Bartholomew Van Homrigh, also Vanhomrigh (d. 29 December 1703) was a Polish-born Irish merchant, estate agent and politician who served as the 33rd Lord Mayor of Dublin and twice MP for Londonderry City in William III's Irish Parliaments.[1] Surviving correspondence between 1691–1700 with Godert de Ginkel, the 1st Earl of Athlone, for whom Van Homrigh served as estate agent after the Williamite War in Ireland, detail later troop movements, and various legal and financial updates.[2]

Born in Gdańsk (Danzig) in the Polish–Lithuanian Commonwealth sometime before 1665, Van Homrigh came to Dublin from Amsterdam before 1685, and wrote fluent Dutch. On arriving in Dublin Van Homrigh worked as a merchant and was bestowed the Freedom of the City in 1685.[1] He was subsequently one of ten Protestant aldermen and member of the Dublin Corporation by 1687, but was later stricken from the record by Dublin Jacobites for having relocated to Chester during the 1688 Glorious Revolution.
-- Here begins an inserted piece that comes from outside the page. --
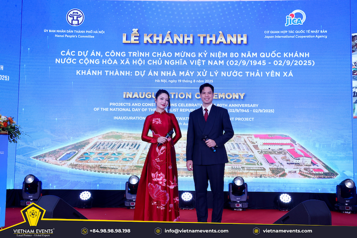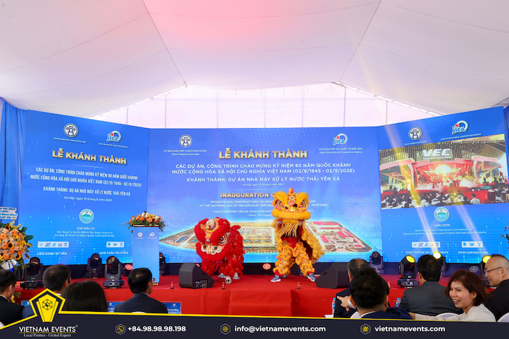 Sự kiện được VietnamEvents triển khai với quy mô chuyên nghiệp, từ khâu thi công sân khấu, âm thanh – ánh sáng, màn hình LED, nhân sự điều phối cho đến nghi thức khánh thành. Từng chi tiết đều được thực hiện chỉn chu, góp phần tạo nên một dấu ấn quan trọng trong hành trình phát triển bền vững của Thủ đô Hà Nội.

With Sir William Robinson Van Homrigh organised forces for William III of England's invasion of Ireland and served as commissar-general for his armies; he continued logistical work for the King until 1692. Van Homrigh was remade an alderman in 1691 and served as revenue commissioner from 1690–1702 and from 1697–98 the Lord Mayor of Dublin. Whilst Lord Mayor Van Homrigh erected the historic Celbridge Abbey in County Kildare in 1697, where his daughter Esther Vanhomrigh was visited by her lover Jonathan Swift, and received Dublin's modern mayoral chain from William III in 1698.[3][4]